A super simple global logger for the Laravel HTTP Client.

Installation

You can install the package via Composer:

$ composer require onlime/laravel-http-client-global-logger

Configuration

This is a zero-configuration package. It is auto-discovered by Laravel and global logging is enabled by default.

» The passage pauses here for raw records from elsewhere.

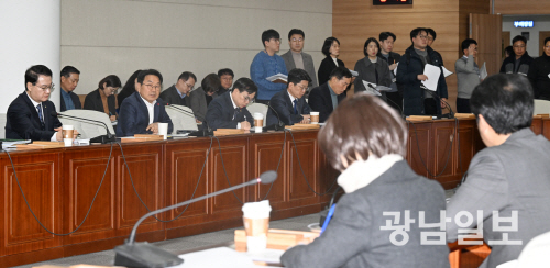 | 광주·전남 행정통합 시의원 간담회 6일 오전 광주시의회 대회의실에서 열린 광주·전남 행정통합 시의원 간담회에서 강기정 광주시장이 추진상황에 대해 설명을 하고 있다. 최기남 기자 bluesky@gwangnam.co.kr |
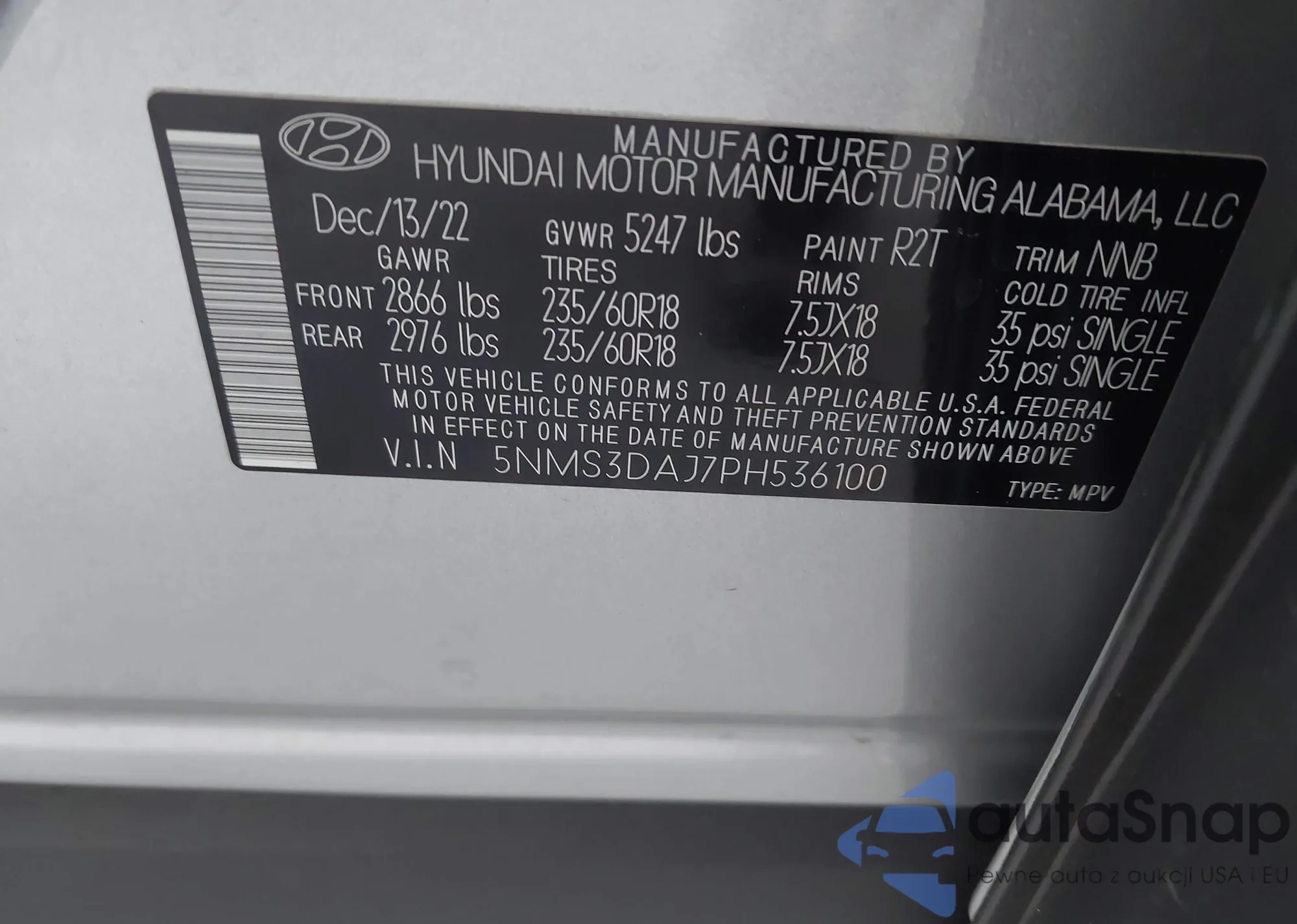VIN: 5NMS3DAJ7PH536100
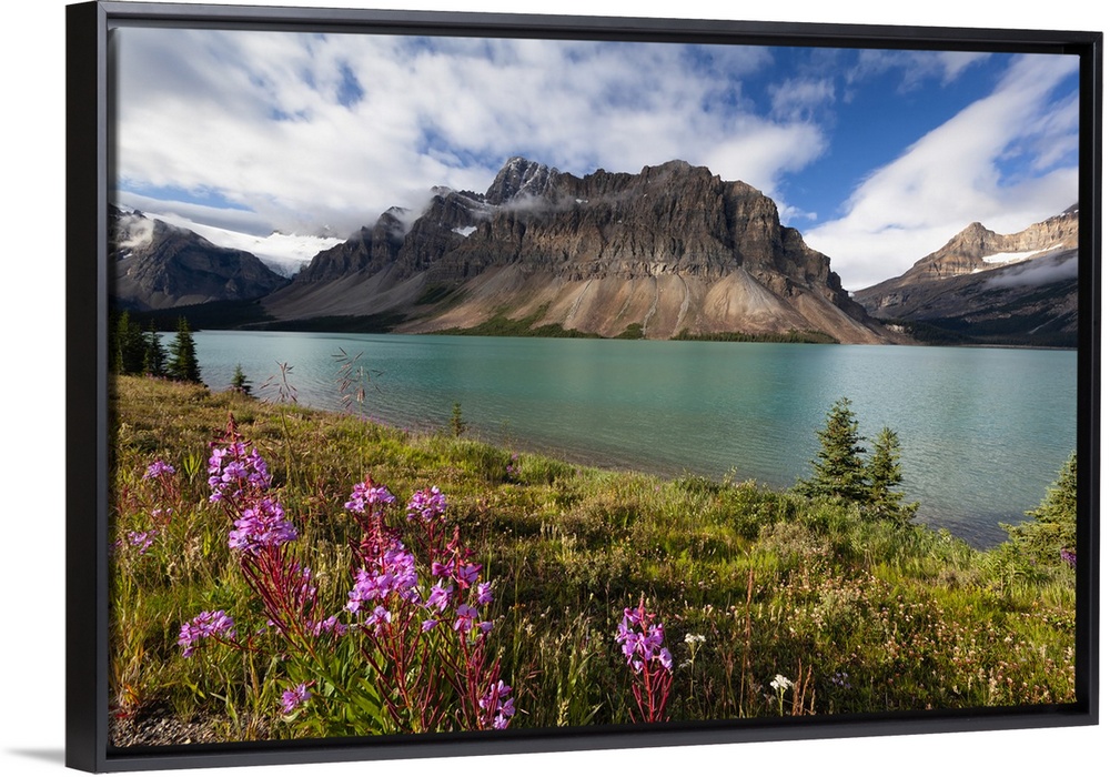<p>Bow Lake with the Crowfoot Mountain and Red Wildflowers, Banff National Park, Alberta, Canada</p>
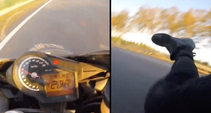 Motorista je imao kameru na kacigi, te je snimio kako juri autocestom, sve do trenutka dok se ispred njega nije “stvorio” BMW.

No further configuration needed - you may skip directly to the Usage section below.

Optionally publish the config file with:

$ php artisan vendor:publish --provider="Onlime\LaravelHttpClientGlobalLogger\Providers\ServiceProvider"

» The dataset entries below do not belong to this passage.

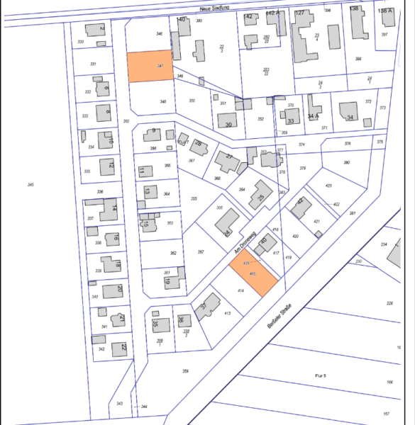 Die Wohngrundstücke sind verkehrlich und versorgungstechnisch erschlossen. Ein Hausanachluss ist erforderlich. Der Grundstückspreis beträgt 40 € / m².
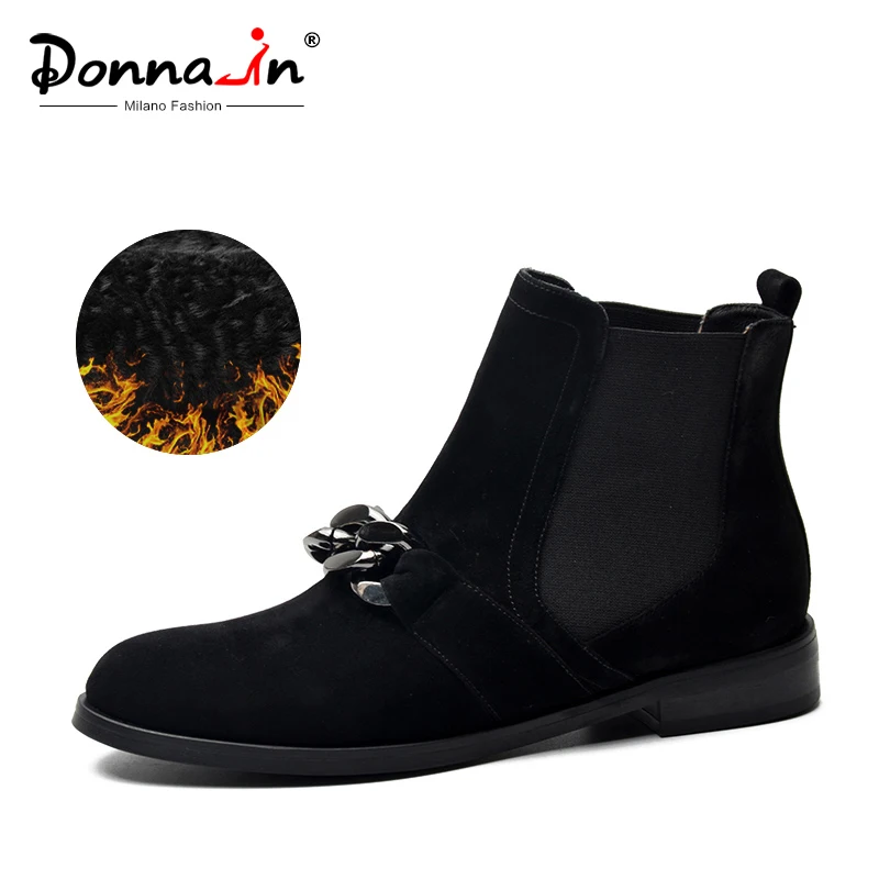 Sale Donna-in Chelsea Booties Women Genuine Leather Ankle Boots Metal Chains Natural Suede Low Heels Boo
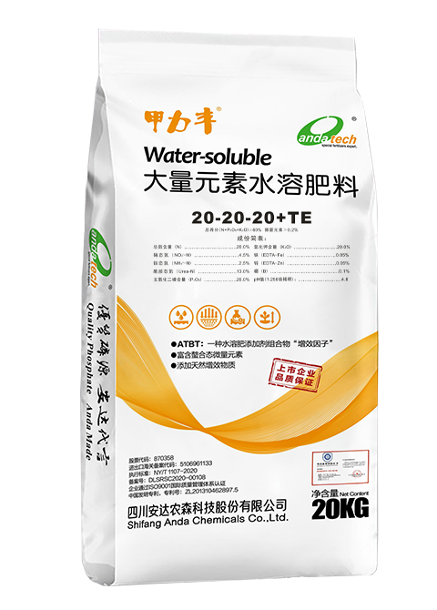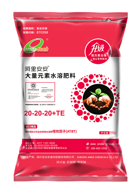 20-20-20+TE; 20-12-20+TE; 包装规格 20kg/袋 1、不同生育期搭配的增效因子(ATBT)不同,对刺激作物生长和营养的吸收达到最合理最大化的功效; 2、特别添加了有利于作物吸收的天然增效物质; 3、具有“保水”、“保肥”的功效; 4、本品采用出口级原料,结合行业领先生产工艺,快速水溶易吸收; 5、营养搭配科学,并富含多种微量元素。

You may override its configuration in your .env - the following environment vars are supported:

  • HTTP_CLIENT_GLOBAL_LOGGER_ENABLED (bool)
  • HTTP_CLIENT_GLOBAL_LOGGER_MIXIN (bool)
  • HTTP_CLIENT_GLOBAL_LOGGER_CHANNEL (string)
  • HTTP_CLIENT_GLOBAL_LOGGER_LOGFILE (string)
  • HTTP_CLIENT_GLOBAL_LOGGER_REQUEST_FORMAT (string)
  • HTTP_CLIENT_GLOBAL_LOGGER_RESPONSE_FORMAT (string)
  • HTTP_CLIENT_GLOBAL_LOGGER_OBFUSCATE_ENABLED (bool)
  • HTTP_CLIENT_GLOBAL_LOGGER_OBFUSCATE_REPLACEMENT (string)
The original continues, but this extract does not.